Wikis lead to dispersion. Entries spread out over flat space: it’s easy to click around and feel disoriented. Decentering is staved off through the navigation bar on the right, which appears on any page and always points the way to ‘node’ pages: explanatory pages, author pages, even most popular pages. But there are also interesting ways in which the software itself provides order.
This version of Wiki, called Snip Snap, allows the use of a variety of simple macros (
see list of possibilities). During the semester, we placed a ‘recently changed’ macro in the navigation column, allowing users to see a list of the most recently altered or added entries. This list has been replaced in RAP’s afterlife by a macro listing the 50 most viewed pages: certain poems have been inexorably crawling up this list, but some user home pages and a few popular student postings are hanging on.
The Wiki’s ‘search’ function (which we placed in the top right corner of any page) allows for very literal text-based searches that can nonetheless group entries in an interesting way. For example, try searching for ‘heart’.
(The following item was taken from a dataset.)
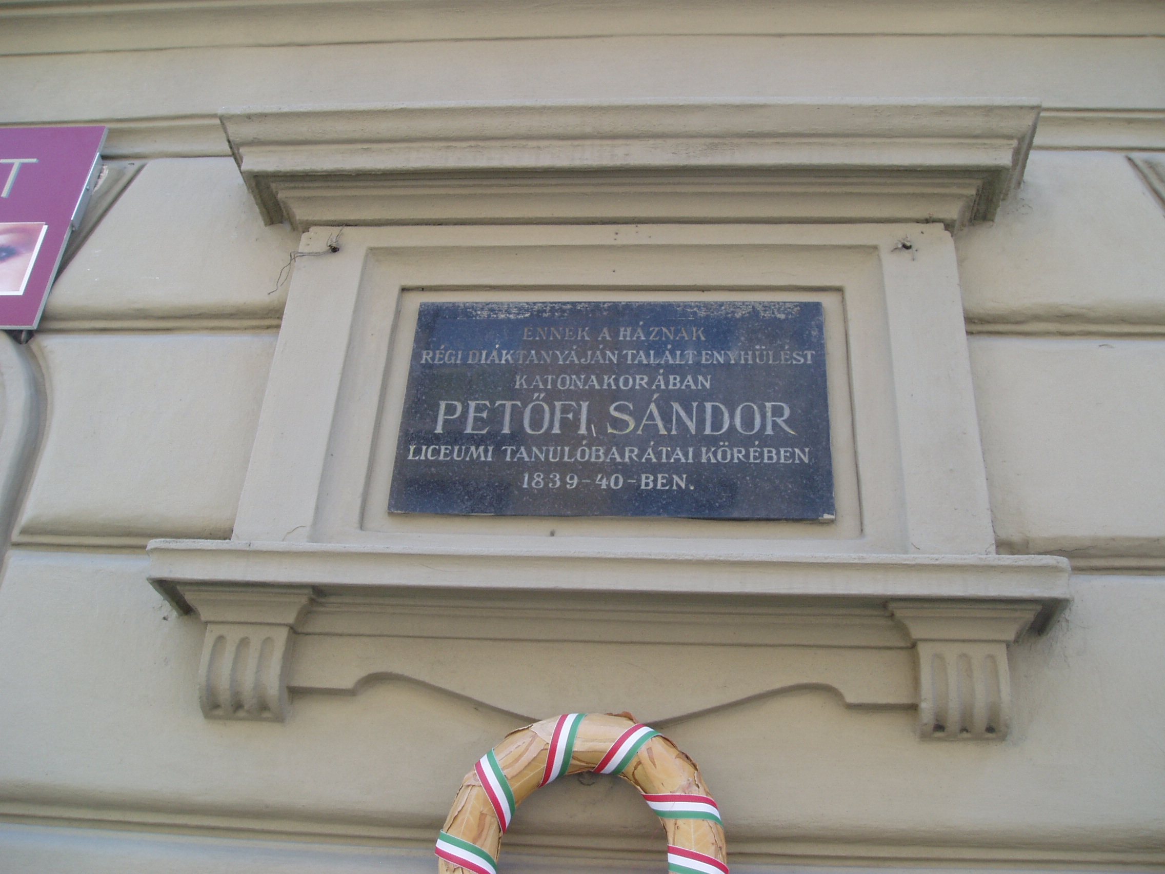 Nyilvános 1129 | 1571 | Sopron, Rákóczi utca 9. | Az épület homlokzatán elhelyezett emléktábla tanúsága szerint ennek a háznak régi diáktanyáján többször járt baráti társaságban soproni katonaidejének nehéz korszakában Petőfi Sándor 1939/40-ben. A kép 2008 júniusában készült. |

Then there is the sometimes inscrutable coding that leads this Wiki to list certain entries under the "See also" heading at the bottom of any page. (There are some bugs in the program, and some of these computer-suggested links don't actually work properly.) Romanticists may be overfond of ghosts in machines, but it can be of interest to be led by the computer from Mary Robinson's
The Haunted Beach to Shelley's
The Mask of Anarchy, say - both stunned inventories of murder, come to think of it.